DATA RECORDS:
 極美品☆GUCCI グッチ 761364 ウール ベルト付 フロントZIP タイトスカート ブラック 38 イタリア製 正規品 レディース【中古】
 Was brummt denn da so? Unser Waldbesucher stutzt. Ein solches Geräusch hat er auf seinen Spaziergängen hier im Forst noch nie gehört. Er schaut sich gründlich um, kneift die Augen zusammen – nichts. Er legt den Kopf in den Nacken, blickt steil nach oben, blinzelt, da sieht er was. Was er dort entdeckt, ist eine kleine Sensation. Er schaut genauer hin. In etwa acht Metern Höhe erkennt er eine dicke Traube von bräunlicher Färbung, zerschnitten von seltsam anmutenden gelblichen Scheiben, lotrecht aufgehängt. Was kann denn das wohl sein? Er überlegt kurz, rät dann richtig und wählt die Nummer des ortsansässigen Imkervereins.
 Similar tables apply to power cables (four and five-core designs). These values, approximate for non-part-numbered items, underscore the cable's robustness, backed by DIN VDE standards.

* * *

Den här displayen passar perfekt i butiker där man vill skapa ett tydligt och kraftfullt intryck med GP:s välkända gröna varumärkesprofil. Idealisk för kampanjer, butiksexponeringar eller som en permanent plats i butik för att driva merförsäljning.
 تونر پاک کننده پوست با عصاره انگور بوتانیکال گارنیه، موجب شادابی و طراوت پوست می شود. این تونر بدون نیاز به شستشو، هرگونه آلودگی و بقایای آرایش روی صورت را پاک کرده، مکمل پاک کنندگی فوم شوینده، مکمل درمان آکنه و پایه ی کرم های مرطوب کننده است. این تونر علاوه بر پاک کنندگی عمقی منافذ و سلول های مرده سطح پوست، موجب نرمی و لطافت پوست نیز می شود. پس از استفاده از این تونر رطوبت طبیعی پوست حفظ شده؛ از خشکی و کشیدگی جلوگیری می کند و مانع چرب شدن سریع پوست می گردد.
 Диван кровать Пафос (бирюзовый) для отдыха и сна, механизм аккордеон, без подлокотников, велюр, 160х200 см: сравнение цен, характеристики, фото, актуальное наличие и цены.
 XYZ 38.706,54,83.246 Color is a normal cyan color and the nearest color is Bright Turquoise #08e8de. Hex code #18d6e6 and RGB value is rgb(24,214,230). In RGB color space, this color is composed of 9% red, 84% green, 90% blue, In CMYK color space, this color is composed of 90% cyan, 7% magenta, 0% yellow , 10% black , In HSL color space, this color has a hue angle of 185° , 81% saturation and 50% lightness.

EXERCISE INSTRUCTIONS: Starting with the line that holds "Was brummt denn" and ending with the line that holds "Similar tables apply", retype every line in the data above exactly, and nothing else.

RESULT OF THE TASK:
 Was brummt denn da so? Unser Waldbesucher stutzt. Ein solches Geräusch hat er auf seinen Spaziergängen hier im Forst noch nie gehört. Er schaut sich gründlich um, kneift die Augen zusammen – nichts. Er legt den Kopf in den Nacken, blickt steil nach oben, blinzelt, da sieht er was. Was er dort entdeckt, ist eine kleine Sensation. Er schaut genauer hin. In etwa acht Metern Höhe erkennt er eine dicke Traube von bräunlicher Färbung, zerschnitten von seltsam anmutenden gelblichen Scheiben, lotrecht aufgehängt. Was kann denn das wohl sein? Er überlegt kurz, rät dann richtig und wählt die Nummer des ortsansässigen Imkervereins.
 Similar tables apply to power cables (four and five-core designs). These values, approximate for non-part-numbered items, underscore the cable's robustness, backed by DIN VDE standards.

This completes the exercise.